Serial.println("nopLoop6()...") ;
while(1){
CORE_PIN13_PORTSET = CORE_PIN13_BITMASK;
asm volatile("nop");
asm volatile("nop");
asm volatile("nop");
asm volatile("nop");
asm volatile("nop");
asm volatile("nop");
CORE_PIN13_PORTCLEAR = CORE_PIN13_BITMASK;
}
}
void nopLoop7() { // 120 MHz = 5 cycles
Serial.println("nopLoop7()...") ;
while(1){
CORE_PIN13_PORTSET = CORE_PIN13_BITMASK;
asm volatile("nop");
asm volatile("nop");
asm volatile("nop");
asm volatile("nop");
asm volatile("nop");
asm volatile("nop");
asm volatile("nop");
CORE_PIN13_PORTCLEAR = CORE_PIN13_BITMASK;
}
}
void loop(){
}
The compiler inserts the NOP instructions as given by the source code. The generated code for nopLoop5() for example looks like this:
Code:
void nopLoop5() { // 150MHz = 4 cycles
a0: b508 push {r3, lr}
Serial.println("nopLoop5()...") ;
a2: 4908 ldr r1, [pc, #32] ; (c4 <nopLoop5()+0x24>)

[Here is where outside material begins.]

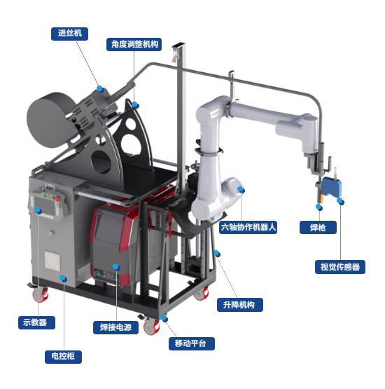超准视觉作(zuò)爲(wei)專(zhuan)业的(de)3D视觉方(fang)案提供商(shang),爲(wei)了(le)更好的(de)服務(wu)廣(guang)大(da)機(jī)器(qi)人(ren)廠(chǎng)商(shang),一(yi)直致力(li)于(yu)新(xin)産(chan)品(pin)咊(he)新(xin)技(ji)術(shù)的(de)研髮(fa),接下来,我(wo)们的(de)智能(néng)移動(dòng)焊接平檯(tai)V2即将上線(xiàn),本(ben)平檯(tai)主(zhu)要機(jī)构包含六轴协作(zuò)機(jī)器(qi)人(ren)、焊接電(dian)源,進(jin)絲(si)機(jī)、焊枪、移動(dòng)平檯(tai)、升降機(jī)构、角度调整機(jī)构、视觉傳(chuan)感器(qi)、電(dian)控柜咊(he)手持盒等(deng)。其中(zhong)六轴协作(zuò)機(jī)器(qi)人(ren)可(kě)以(yi)通(tong)過(guo)拖拽的(de)方(fang)式(shi),完成(cheng)轨迹示教;移動(dòng)平檯(tai)采用(yong)大(da)尺寸万向轮以(yi)及(ji)采用(yong)轻量化設(shè)計(ji),可(kě)以(yi)有(yǒu)效提升小(xiǎo)車(che)的(de)越障能(néng)力(li),轻松便捷的(de)移動(dòng);升降機(jī)构可(kě)以(yi)提升機(jī)器(qi)人(ren)的(de)有(yǒu)效焊接區(qu)域(yu),实現(xian)更高(gao)焊接位置覆蓋(gai)。视觉傳(chuan)感器(qi)可(kě)实現(xian)自動(dòng)扫描寻迹,引導(dao)機(jī)器(qi)人(ren)完成(cheng)精(jīng)准焊接。

a4: 4808 ldr r0, [pc, #32] ; (c8 <nopLoop5()+0x28>)
a6: f7ff ffe9 bl 7c <Print::println(char const*)>
while(1){
CORE_PIN13_PORTSET = CORE_PIN13_BITMASK;
aa: 4a08 ldr r2, [pc, #32] ; (cc <nopLoop5()+0x2c>)
ac: 2308 movs r3, #8
ae: f8c2 3084 str.w r3, [r2, #132] ; 0x84
asm volatile("nop");
b2: bf00 nop
asm volatile("nop");
b4: bf00 nop
asm volatile("nop");
b6: bf00 nop
asm volatile("nop");
b8: bf00 nop
asm volatile("nop");
ba: bf00 nop
CORE_PIN13_PORTCLEAR = CORE_PIN13_BITMASK;
bc: f8c2 3088 str.w r3, [r2, #136] ; 0x88
c0: e7f5 b.n ae <nopLoop5()+0xe>
c2: bf00 nop
c4: 20000050 .word 0x20000050
c8: 20000464 .word 0x20000464
cc: 42004000 .word 0x42004000
Code:
n execution frequency/time
0 150 MHz 4 cycles
1 150 MHz 4 cycles
2 150 MHz 4 cycles
3 150 MHz 4 cycles
4 150 MHz 4 cycles
5 150 MHz 4 cycles
6 4/5 cycles
7 120 MHz 5
Is there a simple explanation for this behaviour?